Your task: Please keep pictures out and return the lines below exactly, from the one holding "Sztuczna Lawenda kwiaty" through the last, both included.
*** Available records
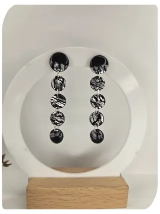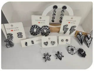 PREGUNTAR ANTES DE COMPRAR!! . . Conjunto de pendientes hechos a mano con arcilla polimérica, cada par con un diseño distintivo. - Diseños variados disponibles. - Acabado texturizado en negro y plateado.
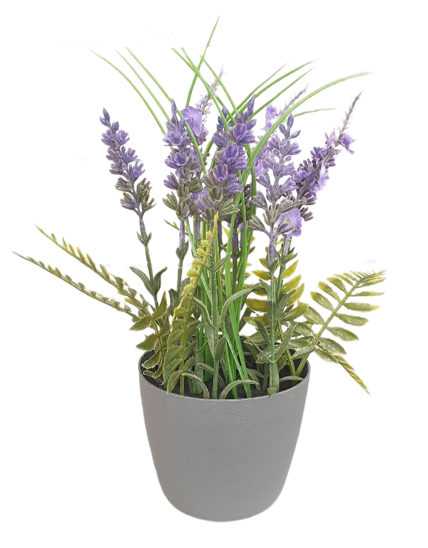 Sztuczna Lawenda kwiaty w szarej doniczce 30 cm
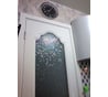Дополняю сразу после поклейки кухонной двери. На чистое стекло нанесла мыльную воду пульверизатором. Постепенно снимая защитную плёнку, прикладывала к стеклу, сразу разглаживая ракелем, чтобы выгнать воду и воздух (на YouTube полно роликов по работе со статической плёнкой).
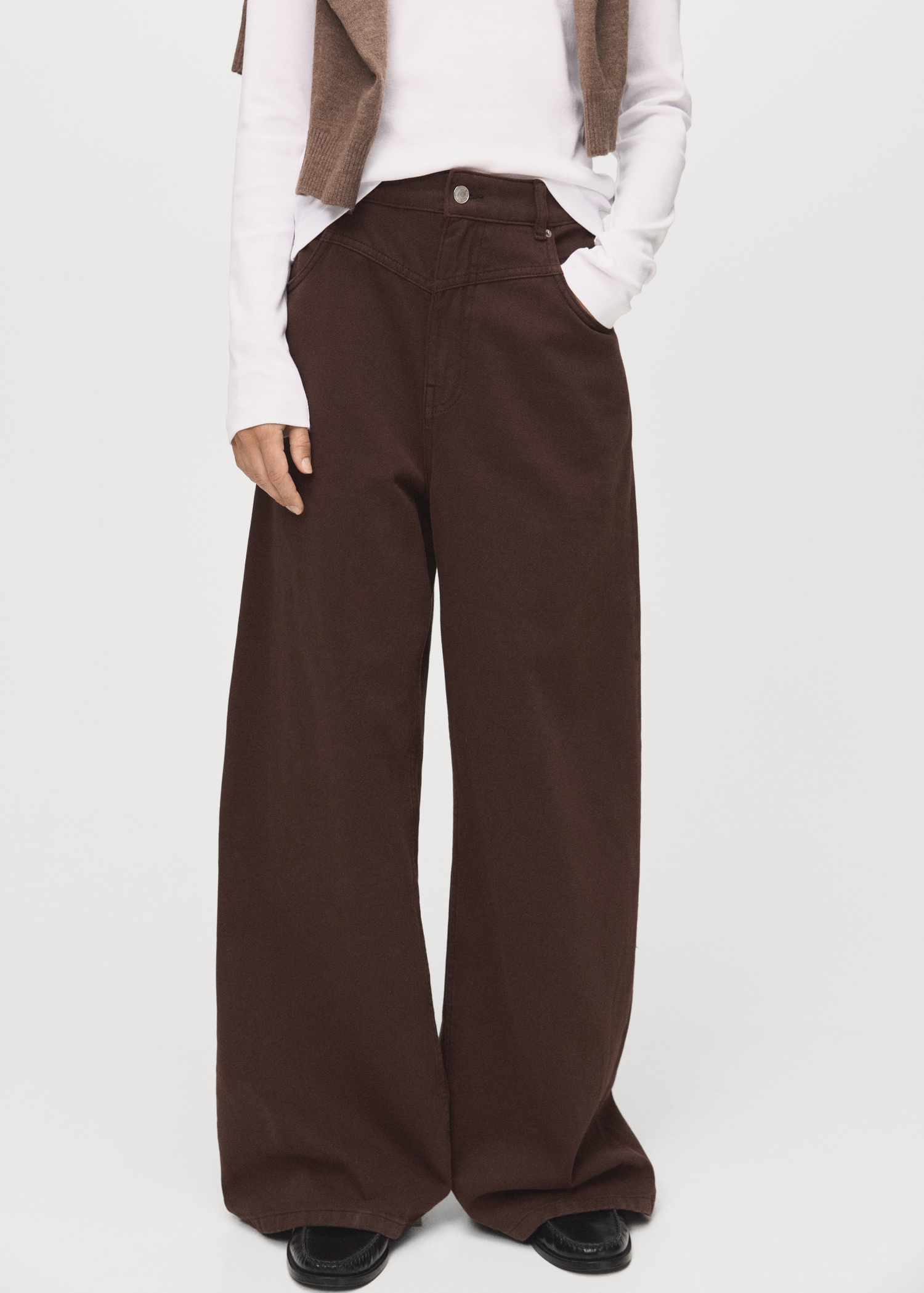 Памучна материя в стил деним каубой. Дълъг дизайн. Дизайн с широки крачоли. Свободна кройка. Средна талия. Халки за колан. Пет джоба. Детайл на шева на бедрото. Предно закопчаване с цип и копче.
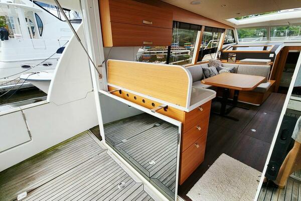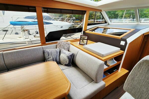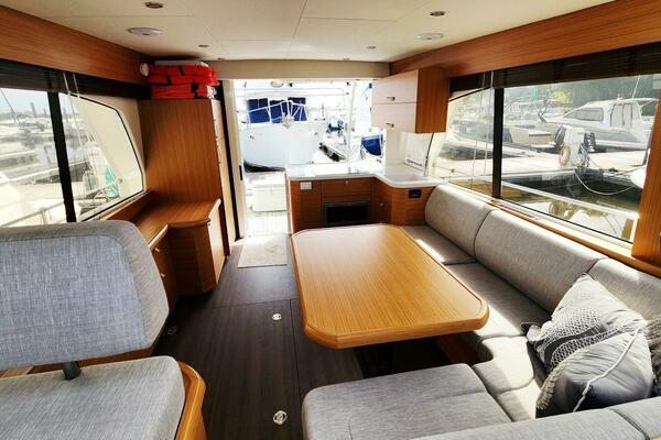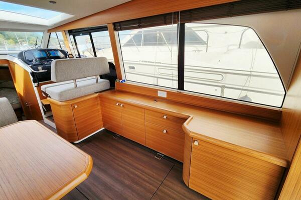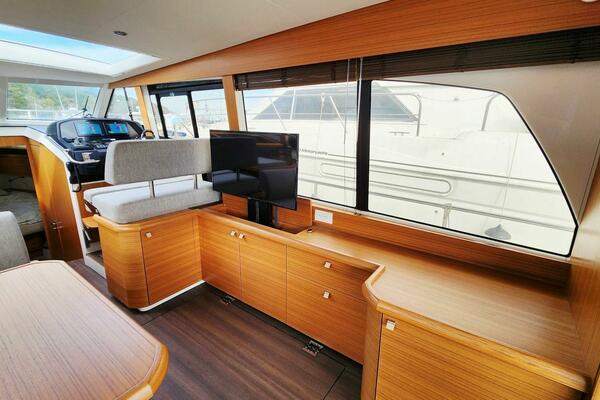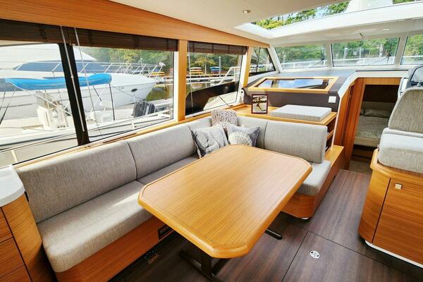 Step inside through the sliding aft door, and the interior immediately impresses with its bright, airy feel. Expansive windows flood the salon with natural light, while a mix of golden teak finishes, dark-toned flooring, and Rugana upholstery strike a perfect balance of warmth and modern style.
******
Worked solution:
 Sztuczna Lawenda kwiaty w szarej doniczce 30 cm
Дополняю сразу после поклейки кухонной двери. На чистое стекло нанесла мыльную воду пульверизатором. Постепенно снимая защитную плёнку, прикладывала к стеклу, сразу разглаживая ракелем, чтобы выгнать воду и воздух (на YouTube полно роликов по работе со статической плёнкой).
 Памучна материя в стил деним каубой. Дълъг дизайн. Дизайн с широки крачоли. Свободна кройка. Средна талия. Халки за колан. Пет джоба. Детайл на шева на бедрото. Предно закопчаване с цип и копче.
 Step inside through the sliding aft door, and the interior immediately impresses with its bright, airy feel. Expansive windows flood the salon with natural light, while a mix of golden teak finishes, dark-toned flooring, and Rugana upholstery strike a perfect balance of warmth and modern style.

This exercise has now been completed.